Martine

 

 

Martine avance à petits pas rapides sous la pluie fine et froide de fin septembre, en faisant très attention à ne pas mouiller ses chaussures en toile dorée. Encore quelques mètres et elle sera bien au chaud. Heureusement il fait toujours bon chez Madame Wilde et elle va certainement lui servir un thé agréablement parfumé comme d’habitude. C’est une des choses que Martine adore en Angleterre : elle est toujours sûre d’avoir une bonne tasse de thé avec des petits gâteaux lorsqu’elle va travailler chez ses clients. Ou plutôt chez ses clientes car pour le moment Martine ne fait de traduction pour le compte d’aucun gentleman. Mais cela ne lui manque pas, après tout elle s’est toujours sentie plus à l’aise en compagnie des femmes. Martine pousse le petit portail de la maison, monte les quelques marches et sonne comme tous les jeudis à 16h précises. La séance se passe bien, comme d’habitude, avec Mme Wilde, Martine est efficace. Cent quarante-trois pages déjà traduites en français du fameux Portrait de Dorian Gray, écrit par le défunt frère de Mme Wilde. Et bien sûr Martine prend un plaisir particulier à travailler directement à partir du manuscrit original.

– Je suis très contente de votre travail, chère Martine. Mon frère, j’en suis persuadée, le serait tout autant.

Martine sourit. Elle aime beaucoup l’accent de cette dame lorsqu’elle s’adresse à elle en français.

– Me feriez-vous le plaisir de rester dîner ? Ma nièce arrive de Londres dans moins d’une heure et elle est justement en train de préparer son voyage à Paris. Je pense que vous pourrez avoir avec elle quelques conversations intéressantes.

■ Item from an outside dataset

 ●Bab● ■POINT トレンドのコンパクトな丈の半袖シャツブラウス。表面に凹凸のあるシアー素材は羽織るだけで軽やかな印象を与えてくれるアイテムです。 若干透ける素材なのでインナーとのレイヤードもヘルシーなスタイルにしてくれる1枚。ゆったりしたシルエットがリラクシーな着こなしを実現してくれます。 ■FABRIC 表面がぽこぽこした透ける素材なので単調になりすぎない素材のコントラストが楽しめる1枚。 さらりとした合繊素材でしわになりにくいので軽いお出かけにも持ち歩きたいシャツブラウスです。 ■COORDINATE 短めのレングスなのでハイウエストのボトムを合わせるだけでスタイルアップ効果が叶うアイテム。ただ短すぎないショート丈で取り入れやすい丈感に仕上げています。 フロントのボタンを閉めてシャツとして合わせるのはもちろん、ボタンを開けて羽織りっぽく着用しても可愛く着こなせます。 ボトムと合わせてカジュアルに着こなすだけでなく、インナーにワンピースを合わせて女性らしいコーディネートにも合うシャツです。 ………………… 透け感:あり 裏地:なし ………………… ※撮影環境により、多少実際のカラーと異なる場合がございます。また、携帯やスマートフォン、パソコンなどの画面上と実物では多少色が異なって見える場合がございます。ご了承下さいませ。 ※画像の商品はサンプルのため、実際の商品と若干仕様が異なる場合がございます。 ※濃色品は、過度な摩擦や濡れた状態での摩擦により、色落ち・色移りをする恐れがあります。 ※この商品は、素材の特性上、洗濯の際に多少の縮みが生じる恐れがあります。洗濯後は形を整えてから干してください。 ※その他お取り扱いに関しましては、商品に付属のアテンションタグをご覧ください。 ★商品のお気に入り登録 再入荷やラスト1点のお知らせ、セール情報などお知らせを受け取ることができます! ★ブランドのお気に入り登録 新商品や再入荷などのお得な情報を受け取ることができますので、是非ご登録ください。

Martine hésite. Elle n’est pas en tenue pour dîner et de surcroît avec une inconnue venue de Londres. Mais en même temps, elle est curieuse. Elle est toujours curieuse Martine, elle aime regarder les gens, comprendre leur personnalité, jouer leur jeu.

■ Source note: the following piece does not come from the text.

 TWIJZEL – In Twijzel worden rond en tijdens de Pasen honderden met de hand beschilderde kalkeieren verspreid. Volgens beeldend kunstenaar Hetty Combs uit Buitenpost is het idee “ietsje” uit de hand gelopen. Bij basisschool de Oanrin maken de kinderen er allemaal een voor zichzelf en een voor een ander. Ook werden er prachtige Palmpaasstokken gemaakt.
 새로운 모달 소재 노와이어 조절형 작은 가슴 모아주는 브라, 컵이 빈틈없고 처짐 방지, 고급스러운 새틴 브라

Elle prend un air gêné et dit :

– Oh, cela serait avec grand plaisir, mais…

– Il n’y a pas de « mais », my dear. Ma nièce serait plus que déçue de ne pas vous rencontrer !

Martine rougit. Elle regarde ses chaussures et se dit que cela lui est impossible. Elle ne se sentirait pas à l’aise dans cette tenue. Elle invite alors Mme Wilde à lui rendre visite le lendemain, pour le thé par exemple. Elle pourrait ainsi montrer à sa nièce les deux manuscrits originaux de Marcel Proust en personne. Ainsi que toute sa collection de photos de Paris. Elle en a même une avec cette horrible tour que les Français ne se décident pas à démolir : la tour Eiffel.

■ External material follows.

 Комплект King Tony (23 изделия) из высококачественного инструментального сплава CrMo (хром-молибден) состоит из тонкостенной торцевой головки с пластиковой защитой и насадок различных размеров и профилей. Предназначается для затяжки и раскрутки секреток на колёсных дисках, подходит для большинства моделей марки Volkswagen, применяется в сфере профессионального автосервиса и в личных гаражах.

Mme Wilde aime l’idée. Elle-même ne pourra pas être de la partie car elle a déjà des engagements par ailleurs, mais c’est entendu, elle enverra sa nièce à 17h précises. Martine la remercie, ramasse ses papiers et quitte la maison, ravie de cette nouvelle perspective.

Le vendredi 28 septembre, à 17h et une minute, Martine arrange encore les deux tasses sur leurs soucoupes. Tout est en place. Dès que la sonnette retentira, Mary ira ouvrir la porte, débarrassera la nièce de son manteau, la conduira dans le salon. Martine se lèvera pour lui serrer les deux mains d’un geste chaleureux qu’elle a révisé plusieurs fois aujourd’hui devant la glace.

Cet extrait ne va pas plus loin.